Go to Paper
Return to GeoComputation 99 Index

Developing Quality Training Data for a Statistical Decision Tree Classifier in a Spatial Environment

CROWTHER, Paul (P.Crowther@utas.edu.au), HARTNET, Jacky, WILLIAMS, Ray, PENDELBURY, Steve, University of Tasmania, School of Computing, P.O. Box 1214, LAUNCESTON, Tasmania, 7250, Australia

Key Words: training data, remote sensing, statistical classifier

One of the strengths of a remotely sensed data set is that it represents a complete spatial population; however, in order to make sense of this population, the most successful classifiers first require that areas of the image be selected as training data. This paper describes a method that solves the problem of selecting suitable training sites when it is not practical to select these using ground truth. The method was developed to provide a training data set for a statistical decision tree classifier to analyse the National Oceanic and Atmospheric Administration's (NOAA) Advanced Very-High Resolution Radiometer (AVHRR) multispectral satellite images of Antarctica. This was in response to a user request for a tool to develop a data set for a statistical decision tree package, "S-Plus." It was found that the same tool could be used to create training data for use with other systems.

Statistical classifiers are dependent for their accuracy on the quality of the training data rather than on the algorithm used for classification. The training data set needs to be representative of the whole area to be classified. The populations of pixels used for training must be statistically significant. This means that there is a need to know the minimum number of observations required to characterise a particular site to an acceptable level of error.

Ground-truthed training data in Antarctica is difficult to obtain. In other domains, for example, vegetation classification training data are developed using ground truth combined with aerial and satellite interpretation to identify representative vegetation types. Vegetation is relatively stable over time. In Antarctica there can be rapid changes in features such as sea ice that cannot easily be verified on the ground; therefore, training data must be developed directly from satellite images.
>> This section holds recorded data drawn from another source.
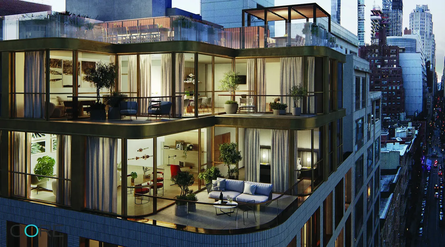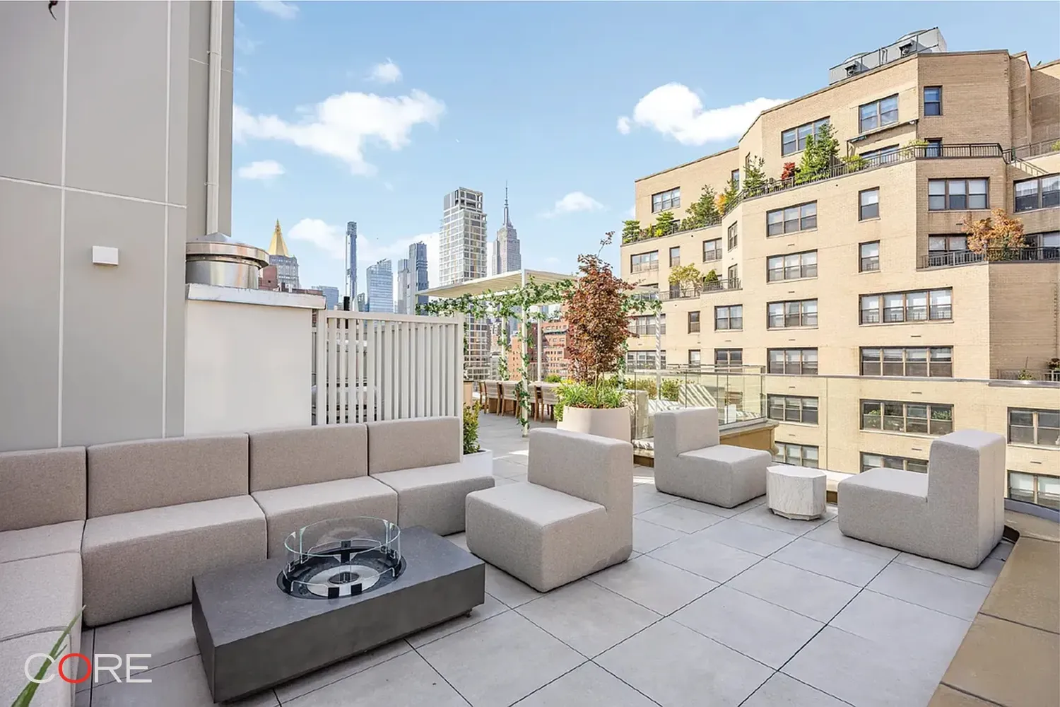 Penthouse B is a spacious and airy two-bedroom sanctuary with expansive private outdoor spaces. Natural light pours through floor-to-ceiling oversized windows, enhancing the spacious ambiance. A private terrace extends your living space, while an exclusive rooftop retreat offers a secluded escape with open skies. The open kitchen is a culinary masterpiece, featuring pristine marble countertops, a striking backsplash, and a spacious island framed by sleek white lacquer cabinetry. Integrated high-end appliances, including a Thermador refrigerator and Bosch dishwasher, ensure a seamless cooking experience. Thoughtfully designed for modern living, this exceptional residence is equipped with central air conditioning, an in-unit washer and dryer, and a smart entry lock for ultimate convenience.
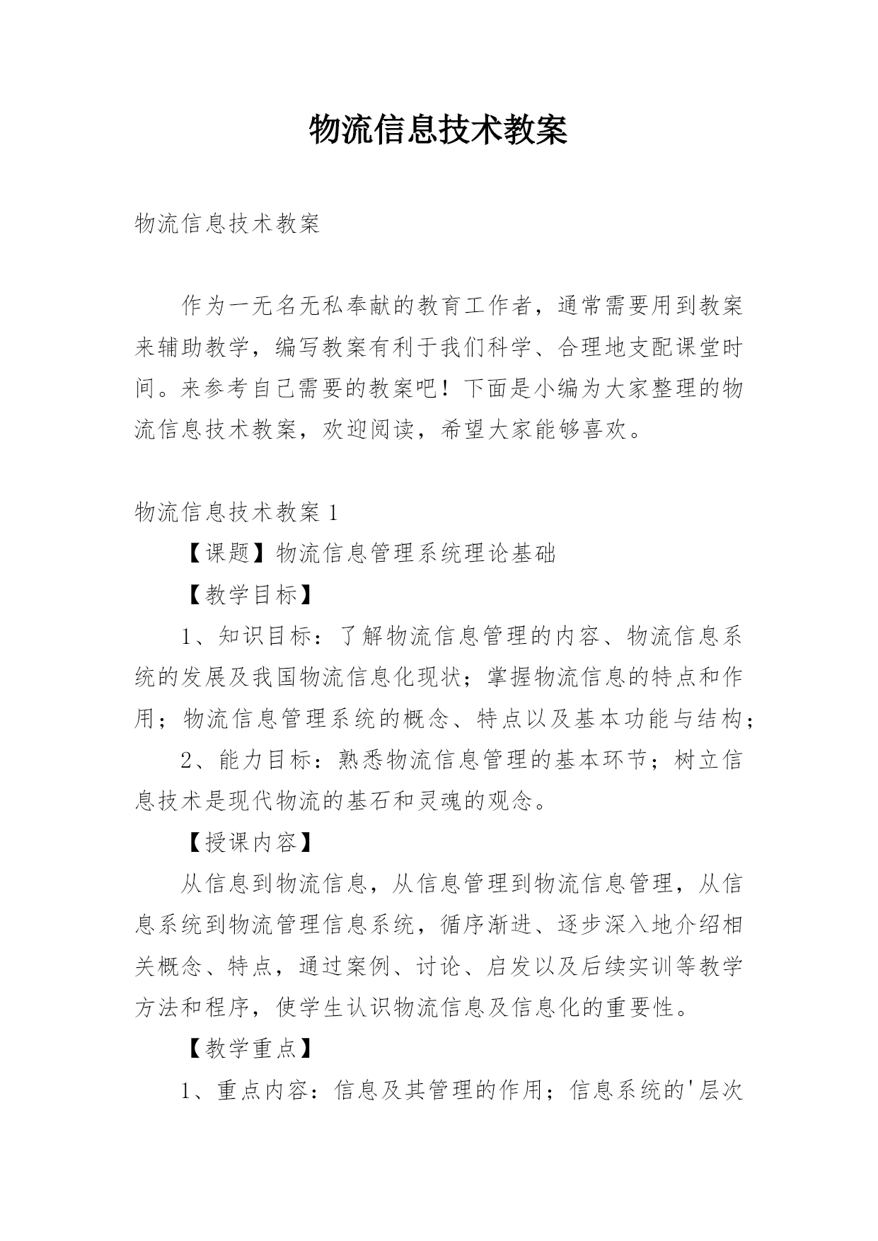 物流信息技术教案物流信息技术教案作为一无名无私奉献的教育工作者,通常需要用到教案来辅助教学,编写教案有利于我们科学、合理地支配课堂时间。来参考自己需要的教案吧!下面是小编为大家整理的物流信息技术教案,欢迎阅读,希望大家能够喜欢。物流信息技术教案1【课题】物流信息管理系统理论基础【教学目标】1、知识目标:了解物流信息管理的内容、物流信息系统的发展及我国物流信息化现状;掌握物流信息的特点和作用;物流信息管理系统的概念、特点以及基本功能与结构;2、能力目标:熟悉物流信息管理的基本环节;树立信息技术是现代物流的基
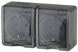Розетка двойная влагозащищенная с заземлением с защитной крышкой и шторками Werkel черный W1172208 4690389178092
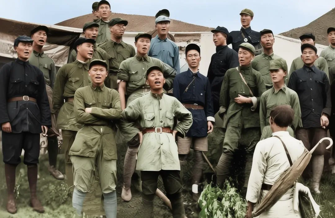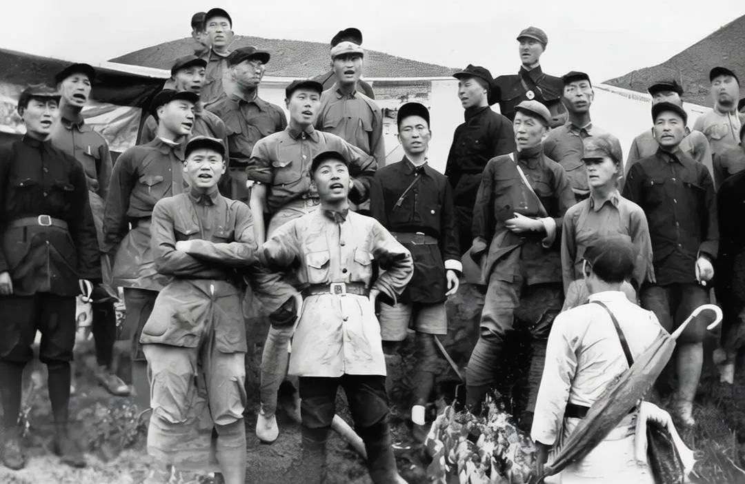 这群年轻人穿的是杂色军装,灰的绿的蓝的都有,腰带一勒,口袋鼓鼓的,站成三排,嘴巴张得圆圆的,指挥在下头举着胳膊,他们唱的多半是**“我们是抗日的铁军”**那路子,节子明快,能把人从困意里拽起来,我外公当年在学校操场也唱过,说开口那一瞬,浑身都是劲儿,没鼓也能把地踏得咚咚响。
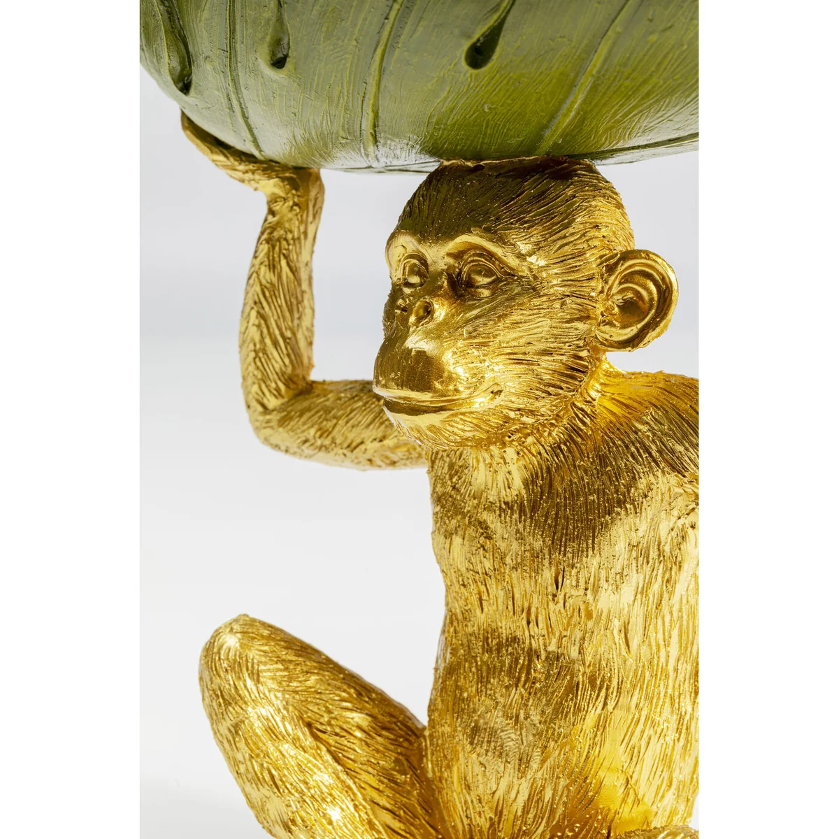 • Hand-painted: the golden monkey and its rich green banana leaf bowl are lovingly decorated by hand • Monkey animal figure: the helpful primate skilfully complements the urban jungle style • Decorative gold: a radiantly beautiful ornamental figure for the living room, home office or dressing table • The bowl: practical storage for jewellery, snacks, beauty or home office accessories • Gift idea for animal lovers: the friendly monkey is a fun idea for a present
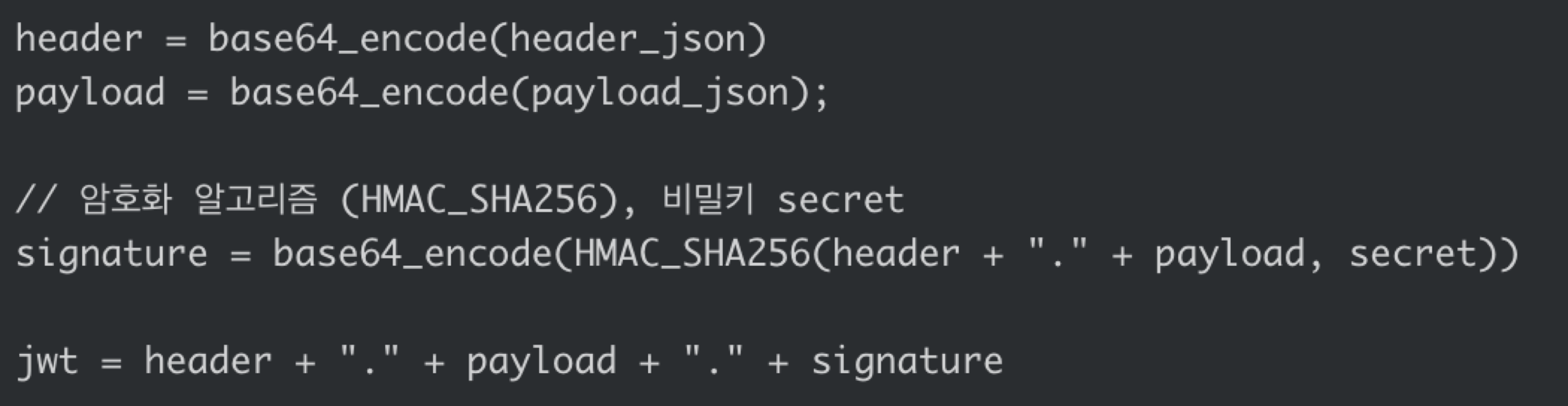 두 데이터를 JSON으로 만들고, URL-safe BASE64 인코딩하면 완성
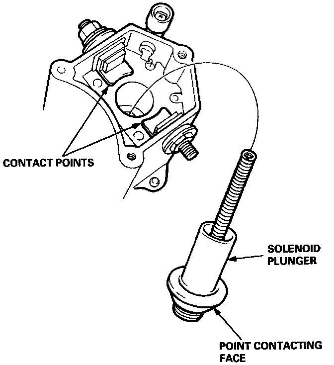 Check the contact points and the face of the starter solenoid plunger for burning, pitting or any other defects. If surfaces are rough, recondition them with a strip of #500 or #600 sandpaper.
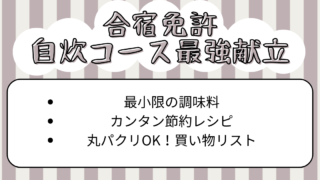 自動車免許の合宿で自炊コースを選ぶ人向け。2週間を乗り切る最強献立を、調味料最小限・節約・簡単を重視して紹介。買い物リスト付きで、真似するだけでOK。
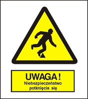 Znak uwaga niebezpieczeństwo potknięcia się na Folii Samoprzylepnej (313)
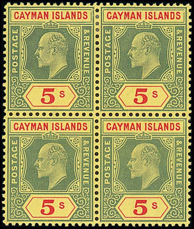 5/- green and red on yellow block of four, the upper left stamp with the flaw, fine mint. S.G. 32. Photo
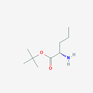 L-norvaline t-butyl ester is a chemically modified derivative of the proteinogenic amino acid L-norvaline. This modification, through the addition of a t-butyl ester group, alters its physicochemical properties, rendering it a valuable tool in various scientific applications, notably in peptide synthesis and as a precursor for pharmacologically active molecules. This technical guide provides a comprehensive overview of the core physicochemical properties of this compound, detailed experimental protocols for its synthesis and application, and visual representations of relevant biological pathways and experimental workflows.

The tool allows an expert image interpreter to choose sample points on an image and apply a label to each one. The label and pixel values for that point on all bands are then stored. The tool's operation gives the user the choice of automatically sampling an image or allowing a user to sample the image in a directed way. In the former case the user can specify the coarseness of the sampling grid and then is asked to supply names at each sampling point. The user can switch between image bands to help decide on the label to be attached to the sampling point. It is possible to switch between automatic sampling and user-directed sampling. This feature was added because if a coarse grid was chosen for automatic sampling, some important features could be missed.

This paper will describe the operation of the spatial sampling tool and the results of using the sample to develop a decision tree by submitting this sample to the S-Plus decision tree package. The results of applying this decision tree to classify Antarctic sea-ice will be presented.